Illustrasi/RMOLLampung
Illustrasi/RMOLLampung

DPD Partai Demokrat Lampung sudah menyusun SK Kepanitiaan Musyawarah Daerah dan meneruskan SK tersebut kepada Badan Pembinaan Organisasi, Keanggotan dan Kaderisasi (BPOKK) DPP. 


Kepanitiaannya, Wakil Ketua DPRD Lampung Raden Muhammad Ismail sebagai ketua panitia pengarah/steering committee (SC) dan Sekretaris DPD Julian Manaf sebagai ketua pelaksana/organizing committee (OC).

Julian Manaf mengatakan, pihaknya sudah berkoordinasi dengan DPP terkait jadwal dan tahapan Musda. Namun, belum dijawab oleh DPP, termasuk jadwal pendaftaran calon ketua. 

"Jadi, belum ada pendaftaran, DPP juga belum buka pendaftaran, yang pensti pendaftaran ketua belum ada," jelasnya kepada Kantor Berita RMOLLampung, Senin (18/10).

Ia mengatakan, Musda akan digelar di Aula Yudhoyono, Sekretariat DPD Partai Demokrat (PD) Lampung, Jl. P. Emir M Noer, Telukbetung Utara, Kota Bandar Lampung baik secara daring dan langsung. 
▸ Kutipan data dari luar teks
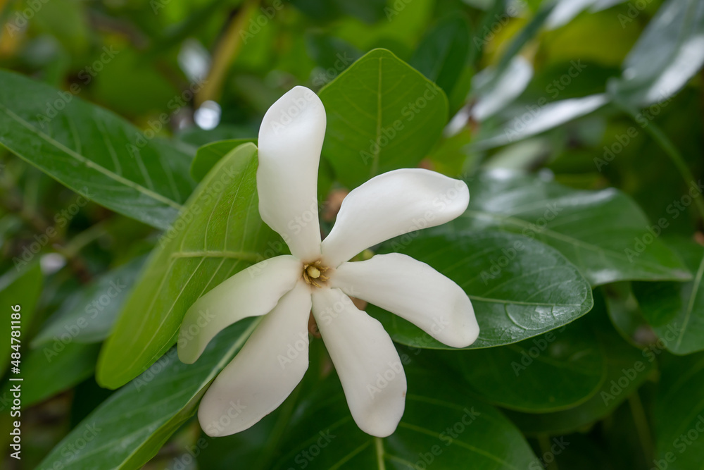 Gardenia taitensis, also called Tahitian gardenia or tiaré flower, is a species of plant in the family Rubiaceae. It is an evergreen tropical shrub that grows to 4 m (10 ft) tall and has glossy dark g

Julian Manaf menjelaskan pengarah musda Ketum Demokrat Agus Harimurti Yudhoyono (AHY) akan hadir lewat zoom. Teknisnya akan dipimpin Deputy BPOKK Jemmy Setiawan secara offline. 

Kemudian, peserta pemilik suara akan langsung offline di musda. Sementara peserta dan pemerhati dapat menyaksikan musda melalui layar lebar di luar ruang acara. 

Musda ini, lanjutnya, akan membahas Laporan Pertanggung jawaban kepengurusan Ridho Ficardo secara umum juga program kerja. 

"Untuk pencalonan belum dapat rowndownnya, apa mungkin setelah diverifikasi (syarat pencalonan), dipilih atau langsung ditetapkan. Intinya kalau sudah ditetapkan calon ketua, tetap akan ditentukan DPP," kata dia. 

Sebelumnya, Sekretaris BPOKK DPP Demokrat Jemmy Setiawan merilis, petahana Ridho Ficardo dan Edi Irawan Arief dipastikan menjadi dua kandidat yang akan bertarung di Musda dan akan diajukan ke Pusat.

"BPOKK sudah memverifikasi surat dukungan dan akan melakukan sejumlah pengecekan seperti yang dilakukan sebelum pelaksanaan musda yang sudah berjalan," ujarnya melalui keterangan tertulis, Selasa (12/10).

Ia menjelaskan, diprediksi tidak akan ada calon ketiga karena surat dukungan sudah tidak mungkin lagi mencapai 20 persen dari 15 DPC yang ada.